_Goal of the exercise:_ There are pictures in the records below; leave them out and set down exactly the lines from the one holding "This 6 seater" through the one holding "東急建設 Update:2022.10.31 カテゴリー:プライム".

_Records supplied:_
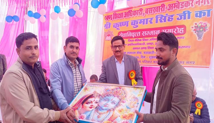बसखारी अम्बेडकर नगर। शुक्रवार को सेवानिवृत खंड शिक्षा अधिकारी बसखारी का बीआरसी के शिक्षकों एवं कर्मचारियो ने बीआर सी बसखारी के प्रांगण में विदाई सम्मान समारोह का आयोजन कर उन्हें भावभीनी विदाई दिया। विदाई समारोह में शिक्षकों ने उनके कार्यकाल के दौरान किए गए कार्यशैली को प्रेरणादायक बताया। खंड शिक्षा अधिकारी बसखारी कृष्ण कुमार सिंह लगभग तीन वर्ष से यहां पर तैनात थे। उन्होंने शिक्षा व्यवस्था को सुदृढ़ बनाने के लिए सहजता के साथ सरकार की मंशा को संपादित किया। उन्होंने शासन के द्वारा दिए गए शिक्षा को सुदृढ़ बनाने के हर निर्देश को चुनौती के रूप में स्वीकार कर अपने शिक्षक कर्मियों के साथ तय समय सीमा के पहले कार्यों को संपादित किया। विदाई सम्मान समारोह के दौरान सेवानिवृत्ति खंड शिक्षा अधिकारी कृष्ण कुमार सिंह ने कहा कि सेवानिवृत्त एक सरकारी प्रक्रिया है। जिसका सामना सभी कर्मचारियों को करना है। कर्मचारी अपने पद से महान नहीं होता बल्कि सहजता व सूझबूझ के साथ किया गया कार्य ही उसको महान बनाता है। जो लोगों के दिलों में हमेशा उनकी उपस्थिति दर्ज करवाता है। उन्होंने अधीनस्थ कर्मचारियों को विभागीय अधिकारियों के आदेश को दृढ़ संकल्पित होकर कार्य संपादित करने का आवाहन किया। सभी कर्मचारियों व शिक्षकों ने खंड शिक्षा अधिकारी को अंगवस्त्र, प्रतीक चिन्ह, गीता, रामायण देकर विदा किया। इस मौके पर खंड विकास अधिकारी राघवेंद्र प्रताप सिंह, सीडीपीओ डॉ नीरज पांडेय, खंड शिक्षा अधिकारी जहांगीरगंज संतोष पाण्डेय, अकबरपुर हिमांशु मिश्र, भियांव विवेक द्विवेदी, आनंद कुमार सिंह,सत्यमणि दूबे, आनन्द ओझा, अरुण कुमार, भोला पांडेय,सनोज कुमार, अमित कुमार सहित अन्य शिक्षक शिक्षिकाएं,व कर्मचारी मौजूद रहे।
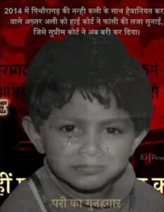पिथौरागढ़- ( उत्तराखंड) नन्ही परी कशिश से दरिंदगी करने और उसकी हत्या करने के दोषी को बरी करने से आक्रोशित जिले के विभिन्न हिस्सों के लोग जिला मुख्यालय पहुंचे। लाडली को न्याय दिलाने की मांग पर हजारों की भीड़ सड़कों पर उतरी। लोगों ने रामलीला मैदान से कलक्ट्रेट तक जुलूस निकाला।इस दौरान भीड़ और पुलिस के बीच धक्का-मुक्की भी हुई। लाडली को न्याय दिलाने की मांग पर जिले के विभिन्न हिस्सों से लोग रामलीला मैदान पहुंचे। यहां लाडली के माता-पिता और अन्य परिजनों ने अपना दर्द बयां किया। इसके बाद लोगों ने नया बाजार होते हुए कलक्ट्रेट तक जुलूस निकाला।
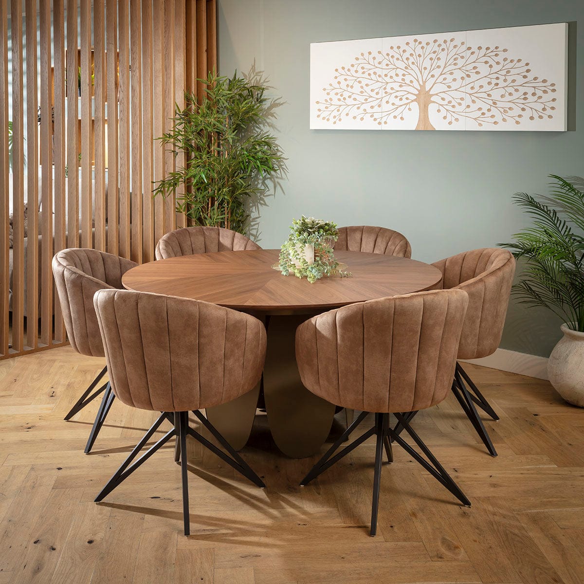 This 6 seater dining table and chair set includes a luxury round wooden dining table adorned with a sculpted metal base in champion gold, with swivel chairs featuring elegant scalloped detailing and wrap-around arms, in warm brown velvet. This modern dining set is crafted for durability and comfort.
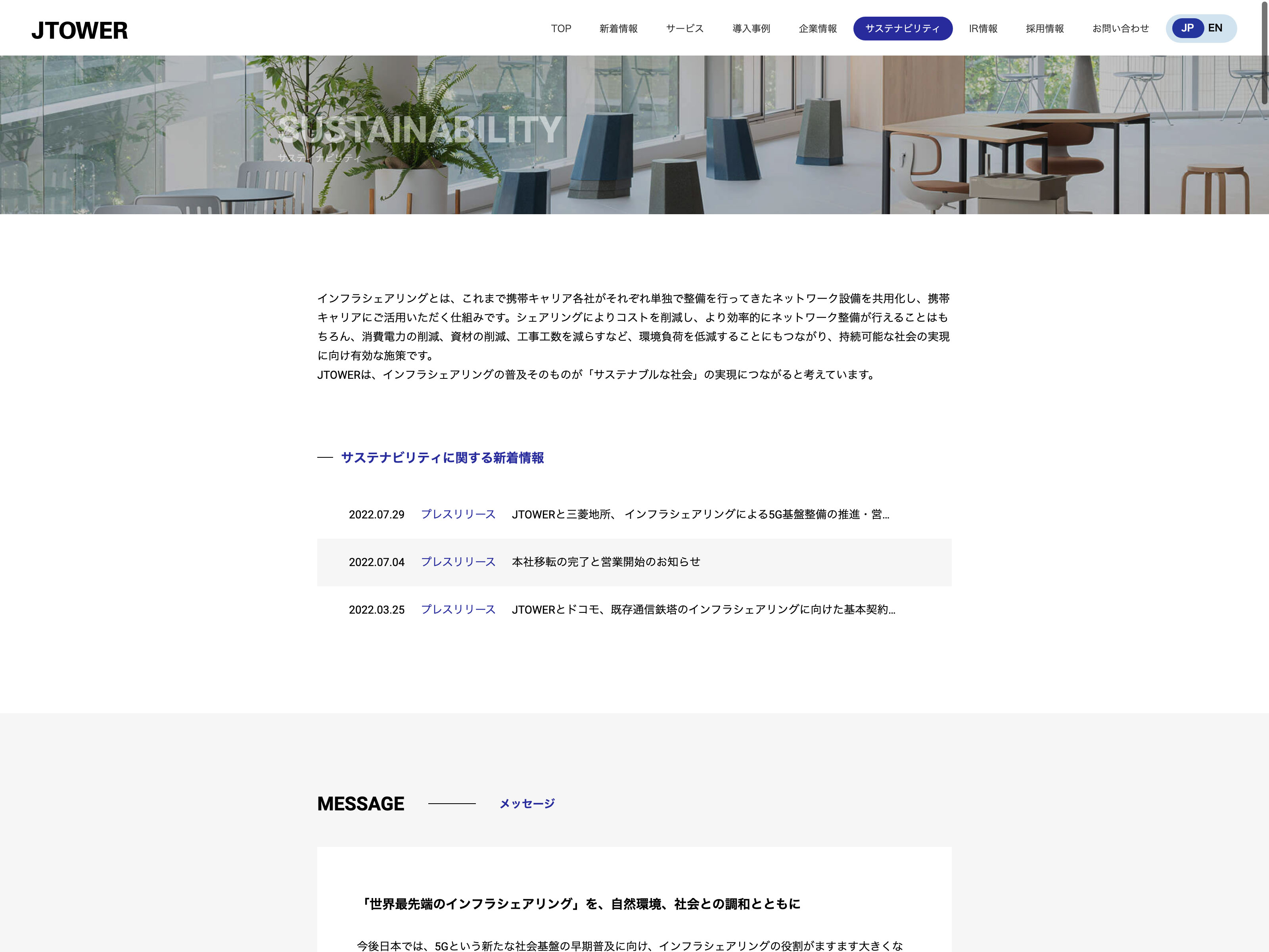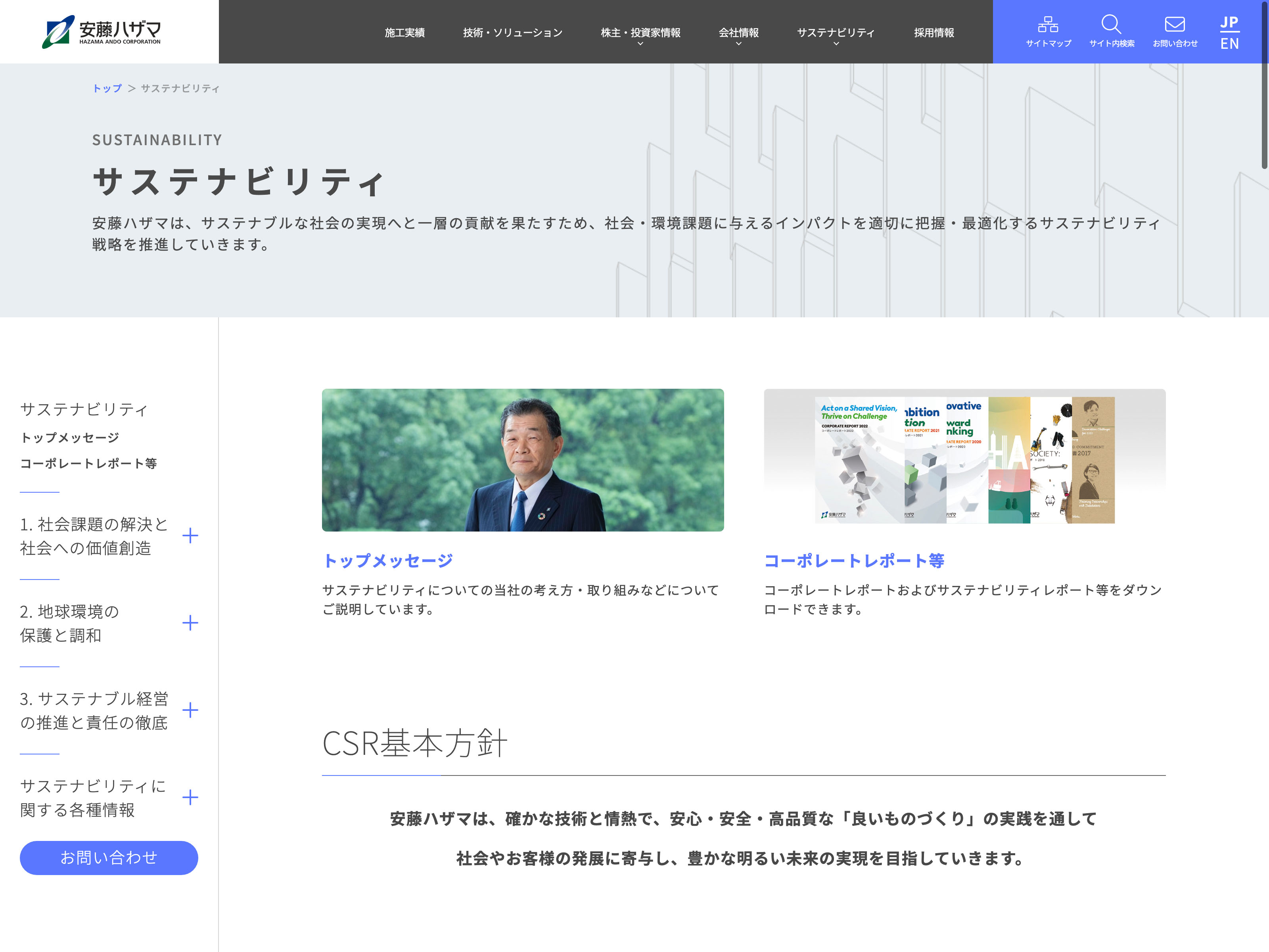 東急建設 Update:2022.10.31 カテゴリー:プライム 建設業 IR情報 コンプライアンス サステナビリティ ニュース一覧 プライバシーポリシー 事業内容 有価証券報告書 社長メッセージ 詳細 Visit 詳細 Visit
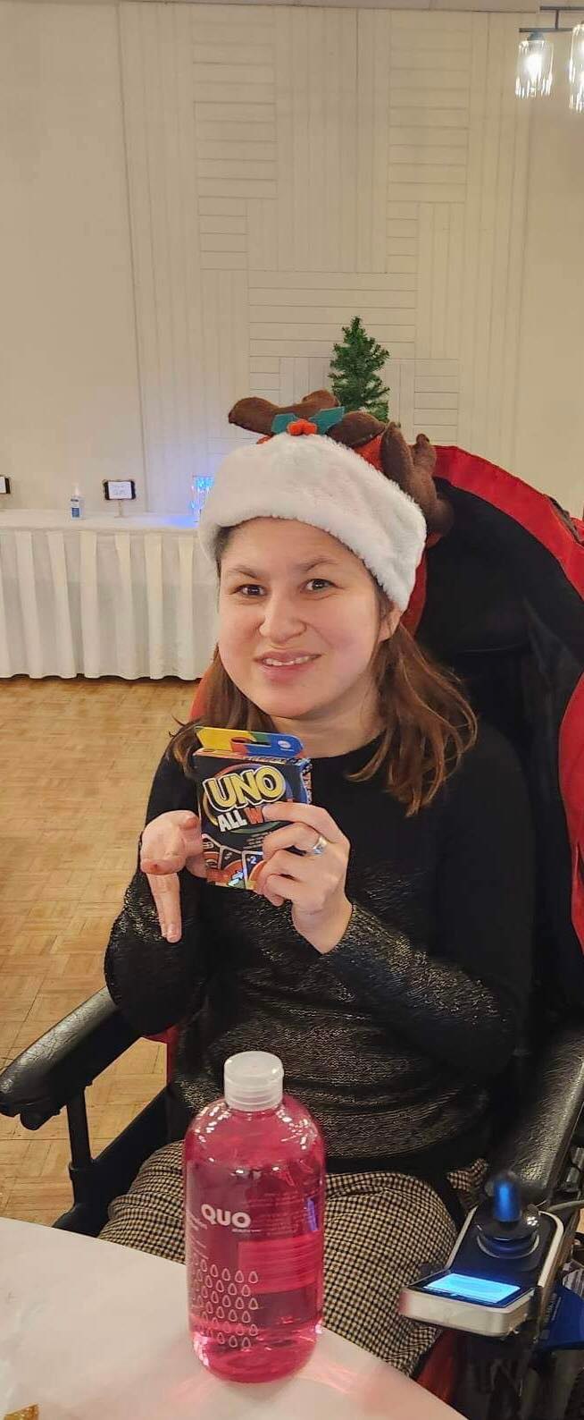 On Friday evening was the Rose Club Christmas party at the Norsemen inn. There was a dinner, delicious cherry cheesecake and chocolate pudding with whip cream on top. There was a Christmas play and of course a Christmas gift exchange. There were also door prizes. For my Christmas gift I got strawberry flavoured bubble bath and UNO cards. The play was called Mr. Brown’s Christmas Carol and it was very good. They made a cut-out of an ambulance for the play. There was a dance at the end of the evening! After the Christmas party you could take your centerpieces home that you made for Christmas party. It was amazing to have a Christmas party in person after three years of covid! I had a blast by getting into the spirit, seeing my friends and meeting new people! Merry Christmas!
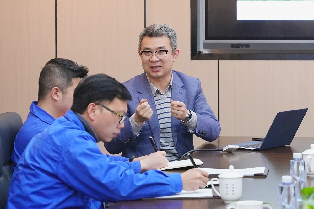 座谈会上,张峰等领导详细介绍了公司目前在新能源技术研发方面的最新进展,项目涵盖新型光伏、储能技术等多个领域,展示了华为在新能源领域的前瞻视野与创新实力。

_Result below:_
 This 6 seater dining table and chair set includes a luxury round wooden dining table adorned with a sculpted metal base in champion gold, with swivel chairs featuring elegant scalloped detailing and wrap-around arms, in warm brown velvet. This modern dining set is crafted for durability and comfort.
 東急建設 Update:2022.10.31 カテゴリー:プライム 建設業 IR情報 コンプライアンス サステナビリティ ニュース一覧 プライバシーポリシー 事業内容 有価証券報告書 社長メッセージ 詳細 Visit 詳細 Visit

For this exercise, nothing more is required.